Young and old Kurds gathered under one roof to celebrate the New Year, something that was until recently banned in their home country of Kurdistan.
“Newroz stands for new day, democracy and freedom,” said an eight-year-old Kurdish girl to the crowd in Kurdish, English and French.
The happy occasion started off with a one-minute silence to prisoners and martyrs fallen while fighting for their rights in Turkey.
“We wish freedom for all Kurdish prisoners,” said the young girl in her colorful Kurdish dress. “We can’t wait till the Kurdish leader, Abdullah Ocalan is free.”

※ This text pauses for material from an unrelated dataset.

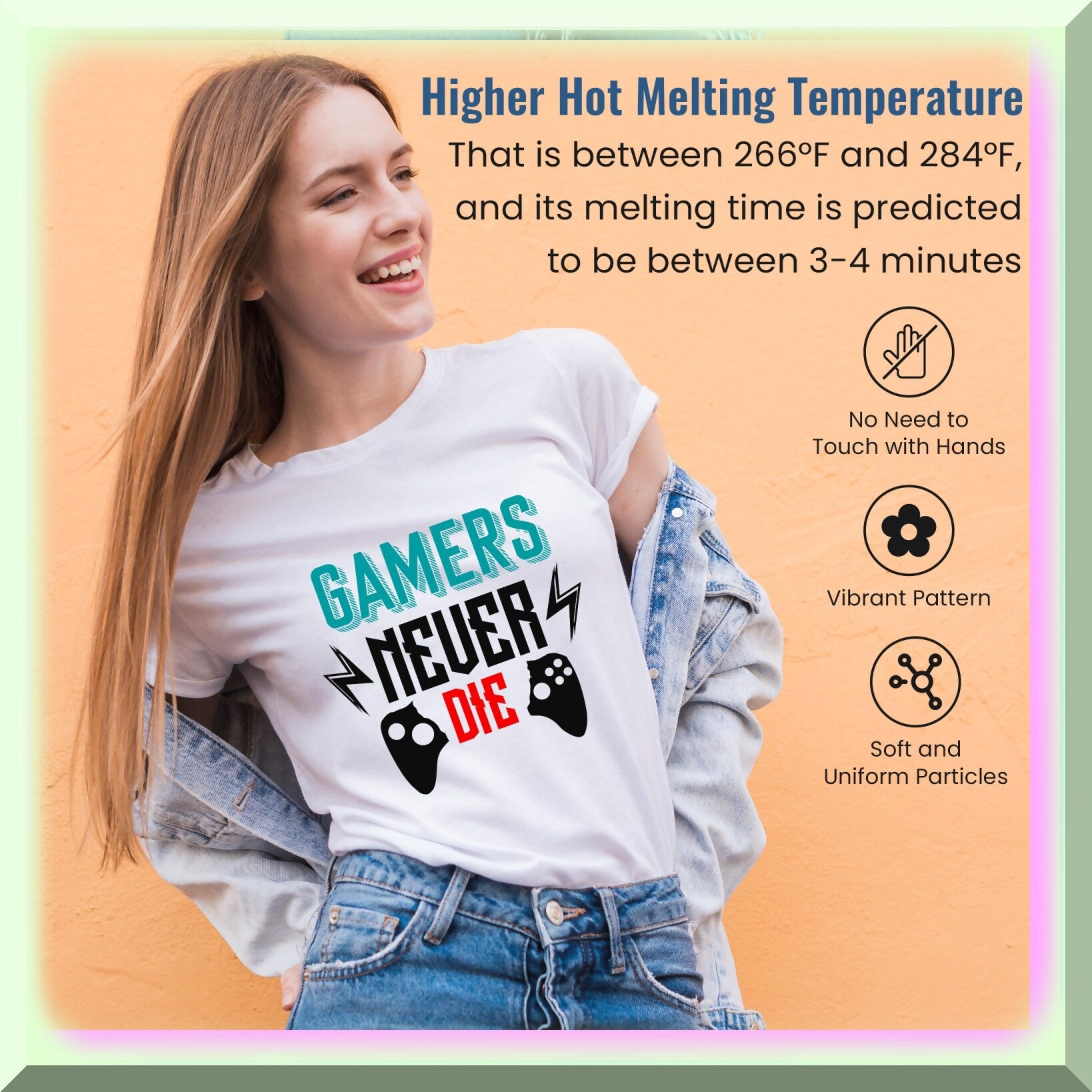 This DTF Powder is designed for film application, providing super adhesive, waterproof, and soft-feeling results with vibrant colors. Packaged in 17.6 oz (500g), it is suitable for a wide range of uses. The powder is easy to use and delivers professional-grade quality for DTF printing, making it ideal for novices, makers, and business owners. For best results, maintain a working temperature of 22-28°C (71.6-82°F) and humidity levels between 55% and 65%. Baking should be performed at 130-140°C (266-284°F) for 3-4 minutes, with a focus on lower temperatures and longer durations. Heat pressing is recommended at 130-150°C (266-302°F) for 10-15 seconds. Peeling the pattern 10-15 seconds after heat pressing enhances transfer quality. Made from high purity polyurethane, this powder ensures strong adhesion and reliable performance, offering a soft feel and vibrant color output.

Most of the people in the hall were from Kurdish towns and villages of south-eastern Turkey, or what is known as North Kurdistan (Bakur).
Soon after wishing everyone a happy New Year through the sound system, men and women lined up to dance under a ceiling adorned with pictures of Ocalan, the Kurdistan flag and that of his Kurdistan Workers Party (PKK).
They danced to Hozan Dino, a Kurdish singer who had traveled from Europe to make the evening more festive with his music.
Sinan told Rudaw that the 600 people who gathered on that cold day didn’t represent the true number of Kurds in Quebec.
“We might be 3,500 Kurds in Montreal, which is not much. We don’t know exactly how many of us are here,” he said.
“When we fill in government papers and have to fill-in the nationality box, Kurdish is not listed. We have to check other nationalities, Turkish, Iranian, Syrian or Iraqi,’’ he lamented.
Hussein Solak, one of the organizers of the evening, said that he celebrated his first Newroz in Canada 23 years ago, shortly after he arrived from Turkey.
He said that he and many other Kurds had come to Canada to escape “repression and the denial of their rights” in Turkey.
As a leading member of the Kurdish community, Solak said that every year they invite local politicians and dignitaries to Newroz parties to introduce them to the Kurdish people and culture.
This year, representatives of the Armenian Church attended the celebrations for the first time.